Congenital Heart Disease (CHD), known locally in Indonesia as Penyakit Jantung Bawaan (PJB), remains one of the most significant challenges in pediatric medicine, characterized by structural abnormalities of the heart that are present from birth. While the precise etiology of many cases remains elusive, medical experts are increasingly identifying a range of modifiable risk factors and systemic barriers to care that contribute to high mortality rates in Indonesia. Dr. Rizky Adriansyah, MKed, a pediatric specialist and the Chairman of the Cardiology Coordination Unit of the Indonesian Pediatric Society (IDAI), recently emphasized that while direct cause-and-effect relationships are difficult to pinpoint, certain environmental and physiological factors during pregnancy play a pivotal role in the development of these defects.

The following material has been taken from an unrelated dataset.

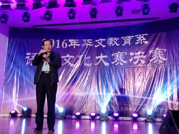 2016年12月7日晚,太阳成集团tyc33455cc华文教育系语言文化大赛决赛在王源兴国际会议中心G-204成功举办。太阳成集团tyc33455cc纪秀生书记、胡建刚副经理,以及学院办公室邹俐琪主任、教学办公室陈建兴主任等出席并担任本次决赛的评委嘉宾。
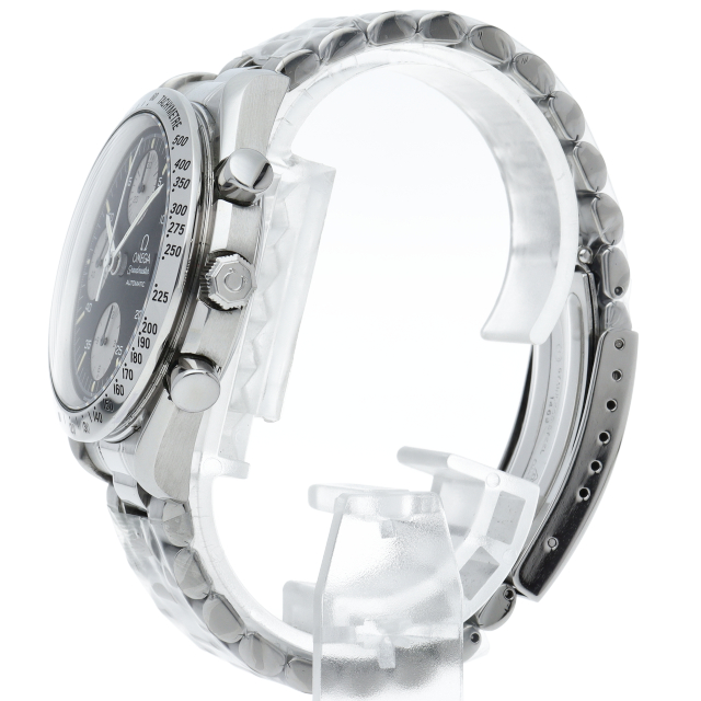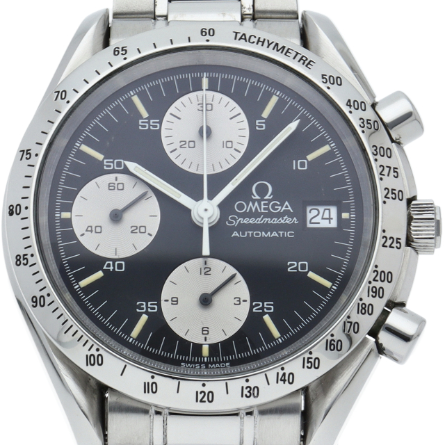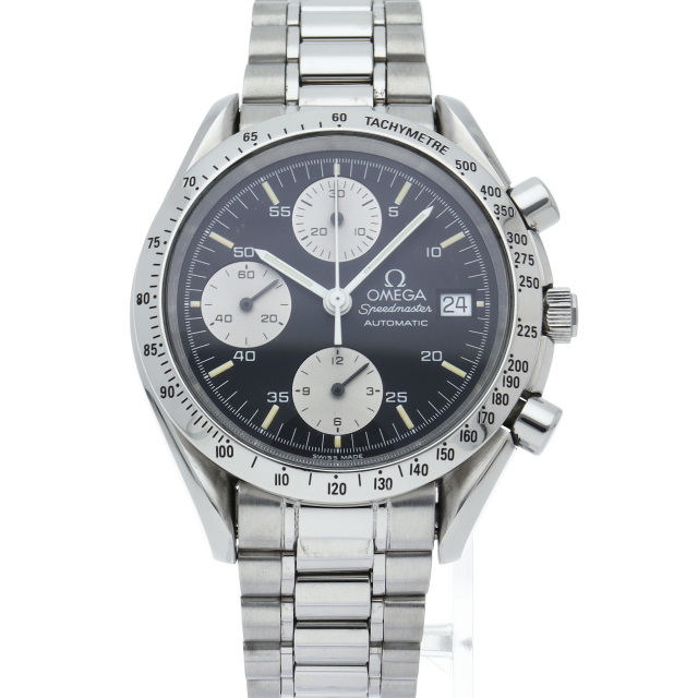 オメガの代表的な人気シリーズ「スピードマスター・デイト」。クロノグラフ・デイト表示機能付きと便利で実用性のある1本です。

Speaking during a specialized webinar, Dr. Rizky noted that the complexity of CHD stems from the intricate process of fetal heart formation, which occurs very early in the first trimester of pregnancy. Because the heart is one of the first organs to develop, any disruption during these critical weeks can lead to permanent structural issues. Although the medical community continues to research the genetic underpinnings of CHD, current preventative strategies focus heavily on managing maternal health and environmental exposures during the gestational period.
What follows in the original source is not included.